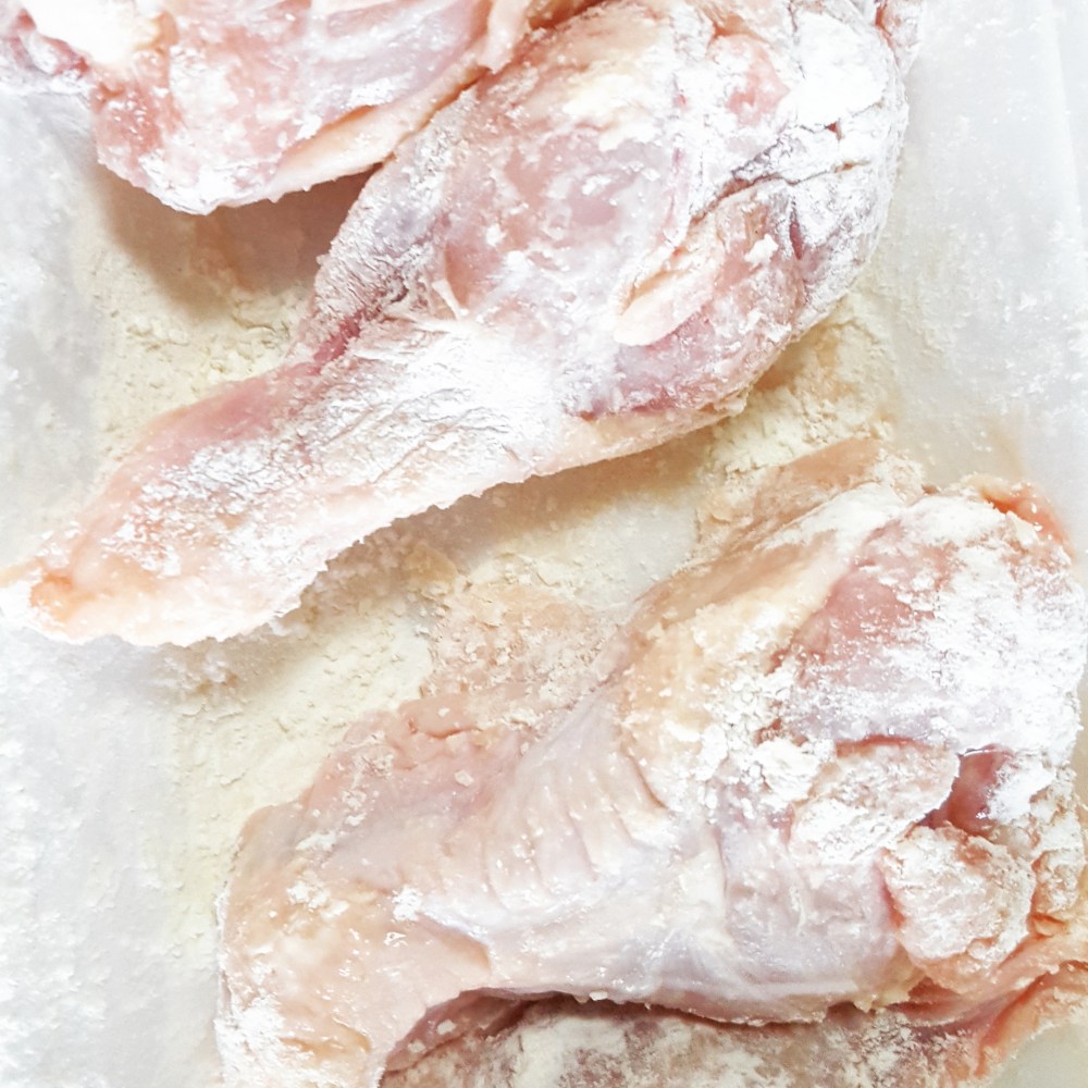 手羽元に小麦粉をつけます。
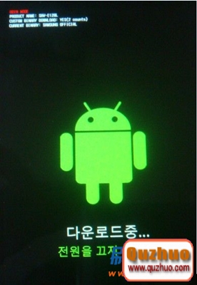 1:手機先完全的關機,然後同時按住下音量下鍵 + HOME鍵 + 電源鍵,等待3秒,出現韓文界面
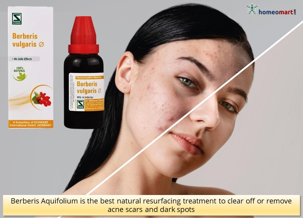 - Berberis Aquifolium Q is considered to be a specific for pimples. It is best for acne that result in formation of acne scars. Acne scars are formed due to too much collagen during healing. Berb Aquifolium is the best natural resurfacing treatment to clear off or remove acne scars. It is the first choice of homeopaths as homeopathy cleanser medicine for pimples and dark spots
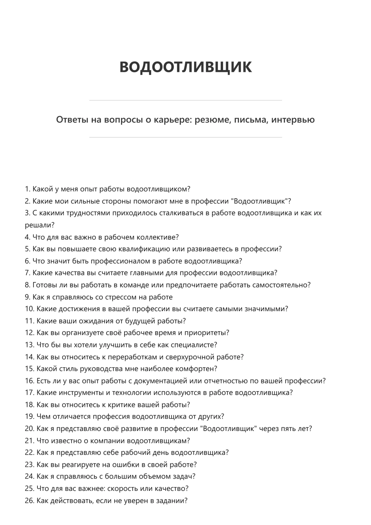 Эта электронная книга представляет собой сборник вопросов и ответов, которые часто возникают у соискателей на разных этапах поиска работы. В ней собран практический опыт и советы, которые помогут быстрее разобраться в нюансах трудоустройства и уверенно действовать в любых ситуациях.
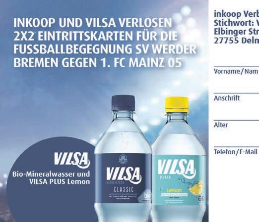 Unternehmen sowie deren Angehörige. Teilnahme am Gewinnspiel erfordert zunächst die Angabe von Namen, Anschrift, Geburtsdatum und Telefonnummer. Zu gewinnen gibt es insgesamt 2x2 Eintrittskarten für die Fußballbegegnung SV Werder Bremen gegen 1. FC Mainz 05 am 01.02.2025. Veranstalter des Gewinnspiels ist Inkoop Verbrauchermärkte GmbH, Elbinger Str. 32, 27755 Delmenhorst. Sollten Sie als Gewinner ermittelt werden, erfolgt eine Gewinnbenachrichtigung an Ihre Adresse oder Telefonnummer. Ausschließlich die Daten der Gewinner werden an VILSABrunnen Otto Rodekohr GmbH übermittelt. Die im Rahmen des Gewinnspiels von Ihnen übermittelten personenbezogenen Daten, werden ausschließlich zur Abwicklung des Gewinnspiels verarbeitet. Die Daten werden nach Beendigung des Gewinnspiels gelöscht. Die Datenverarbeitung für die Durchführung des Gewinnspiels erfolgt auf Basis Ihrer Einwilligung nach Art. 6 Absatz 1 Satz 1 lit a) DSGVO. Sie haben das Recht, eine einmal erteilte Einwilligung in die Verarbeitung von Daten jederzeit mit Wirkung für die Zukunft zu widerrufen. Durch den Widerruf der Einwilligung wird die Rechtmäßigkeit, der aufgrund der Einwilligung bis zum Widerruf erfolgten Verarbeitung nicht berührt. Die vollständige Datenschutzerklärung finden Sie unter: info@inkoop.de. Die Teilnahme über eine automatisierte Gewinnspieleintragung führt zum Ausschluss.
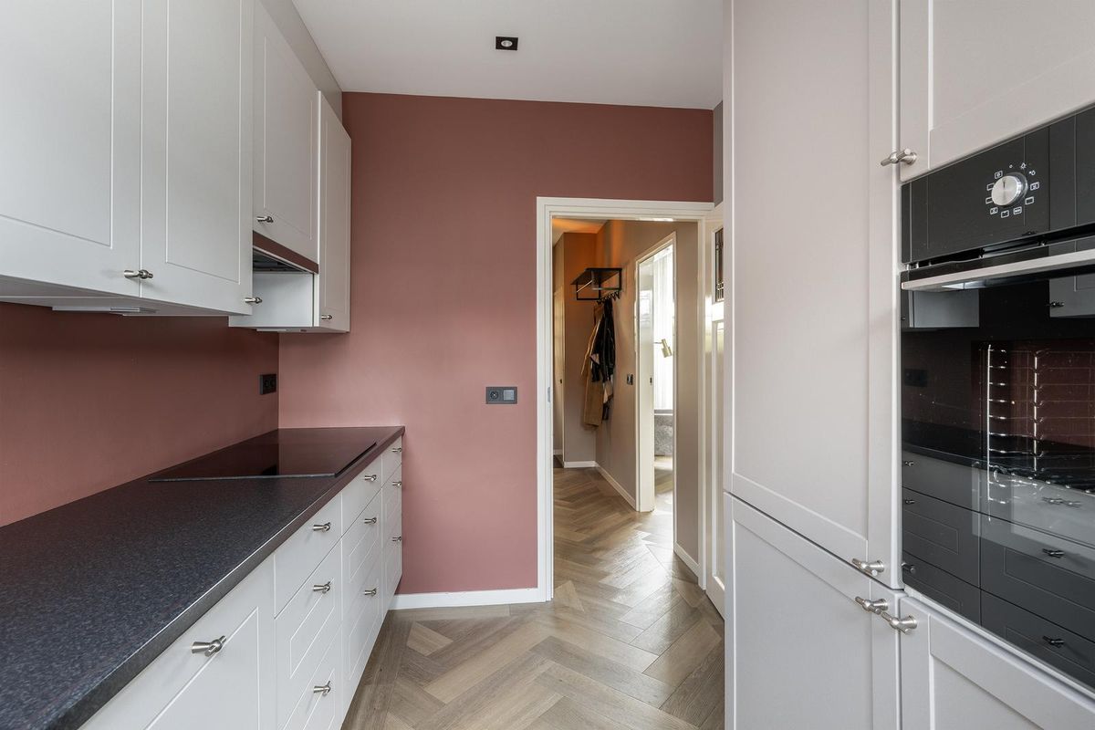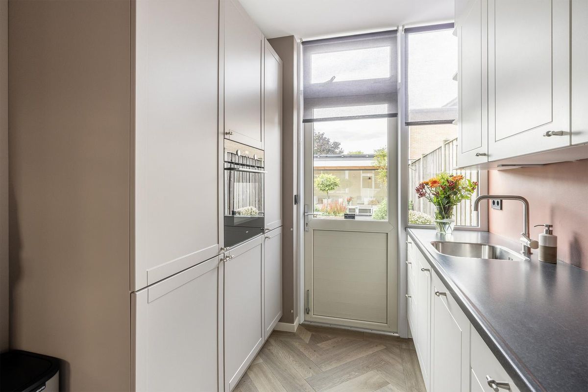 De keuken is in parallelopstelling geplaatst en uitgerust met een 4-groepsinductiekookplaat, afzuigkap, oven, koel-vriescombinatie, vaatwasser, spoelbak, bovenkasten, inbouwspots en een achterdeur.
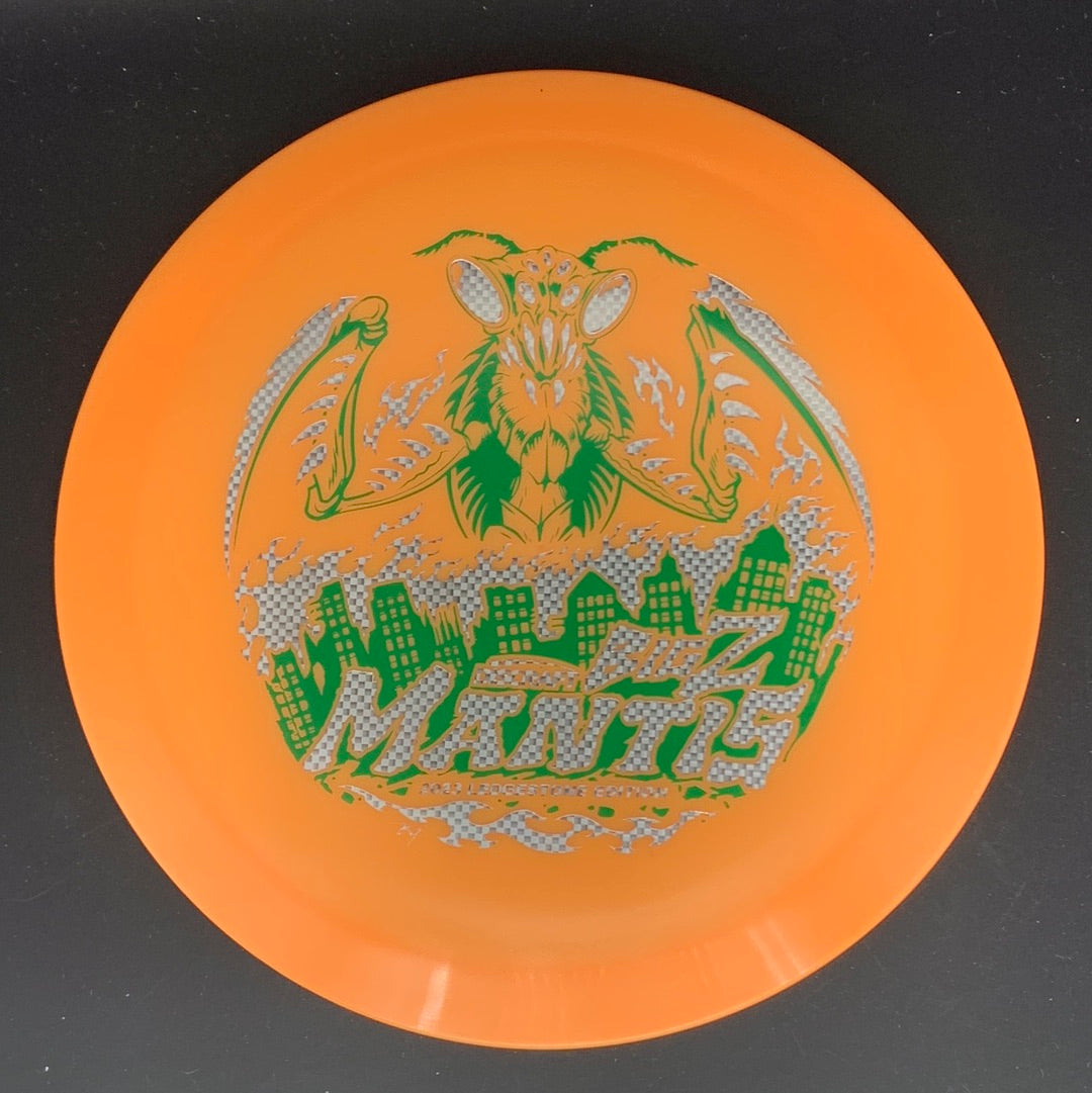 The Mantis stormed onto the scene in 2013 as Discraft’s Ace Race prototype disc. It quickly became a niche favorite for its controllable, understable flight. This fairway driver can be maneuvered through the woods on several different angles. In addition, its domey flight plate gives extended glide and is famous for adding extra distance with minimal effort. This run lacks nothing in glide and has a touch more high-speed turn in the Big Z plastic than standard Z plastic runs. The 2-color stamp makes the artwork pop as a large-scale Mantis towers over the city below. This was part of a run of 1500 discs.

**Required action**
Restate only the lines running from the start of the material above through the line containing "- Berberis Aquifolium", ends included. No pictures.

**Solution to the exercise**
 手羽元に小麦粉をつけます。
 1:手機先完全的關機,然後同時按住下音量下鍵 + HOME鍵 + 電源鍵,等待3秒,出現韓文界面
 - Berberis Aquifolium Q is considered to be a specific for pimples. It is best for acne that result in formation of acne scars. Acne scars are formed due to too much collagen during healing. Berb Aquifolium is the best natural resurfacing treatment to clear off or remove acne scars. It is the first choice of homeopaths as homeopathy cleanser medicine for pimples and dark spots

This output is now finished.